Tuesday, May 7, 2013

Liberal Arts ***

Any young person who decides to major in the humanities, especially in this economy, does so at their own peril.  Or that's what society says.  Dedicating one's time these days to a "life of the mind" or towards creative endeavors faces the prospect of being told "to live in the real world" or "just be a teacher" (not knocking teaching in anyway here).  Meanwhile, book culture has underwent its share of knocks in recent years.  Book store chains are closing and placing all their hopes in electronic reading gadgets.  Alternative reading cultures have merged online with sites like goodreads and Amazon.  Readers are out there.  We're not in Fahrenheit 451 territory yet.
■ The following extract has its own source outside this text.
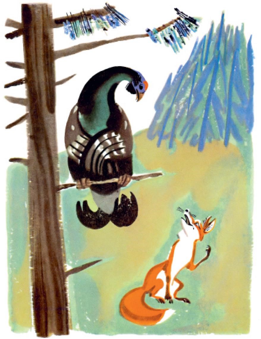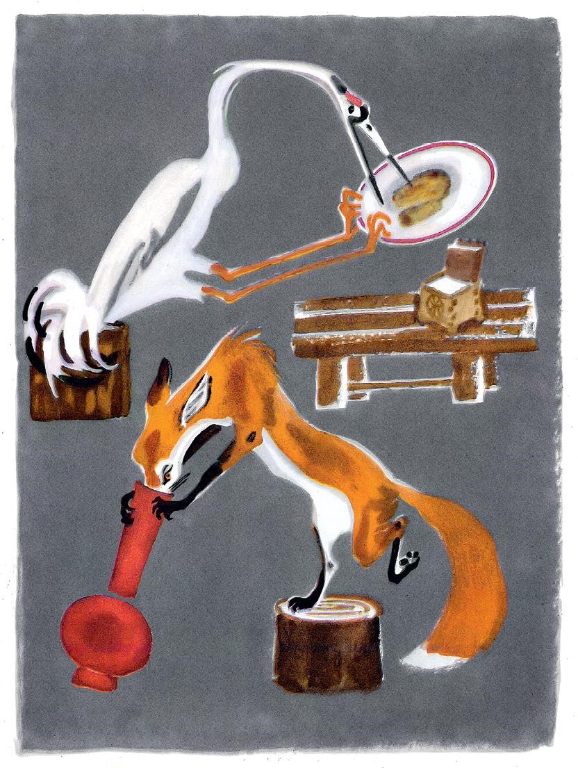 Лисица позвала журавля на обед и подала похлёбку на тарелке. Журавль ничего не мог взять своим длинным носом, и лисица сама всё поела. На другой день журавль к себе позвал лисицу и подал обед в кувшине с узким горлом. Лисица не могла продеть морду в кувшин, а журавль всунул свою длинную шею и всё выпил один.

Starring Josh Radner (who also wrote and directed) as a hyper bookworm living in New York City where he works as a college admissions counselor.  The film opens with him giving lame pitch lines to prospective students. After breaking up with his girlfriend, he is invited back to attend an old professor's retirement party in Ohio (filmed at Kenyon College).  Jesse is the type of person who wishes college never ended with the all night chats on Delillo and Roth (although we never learn about his ambitions in college). While visiting his former professor Jesse meets a kindred spirit in Zibby (Elizabeth Olson) a drama student wise beyond her years.

Liberal Arts is not necessarily a romantic comedy, but a film about maturity.  So, it asks some mature questions:  What does it mean to be an adult?  Why is there so much anxiety about the passing of time?  All the characters in the film are very mature - maybe the most mature film I've seen in some time.  Thankfully, the film avoids an onslaught of quirky characters, but actual adults who are engaging with the world and doing the best they can.

Jesse is a bit flaky at times, but never annoying.  When an old professor accuses him of acting like an "effete, man-boy" he decides to make a change.  He grows up.

Of course, the title "Liberal Arts" screams independent film.  The editing is sharp and all the performances ring true.  And as a liberal arts guy myself, the film has an encouraging message.  One can still build a life and stay true to their passions and still live as a functional person in the real world.  Someday, anyway.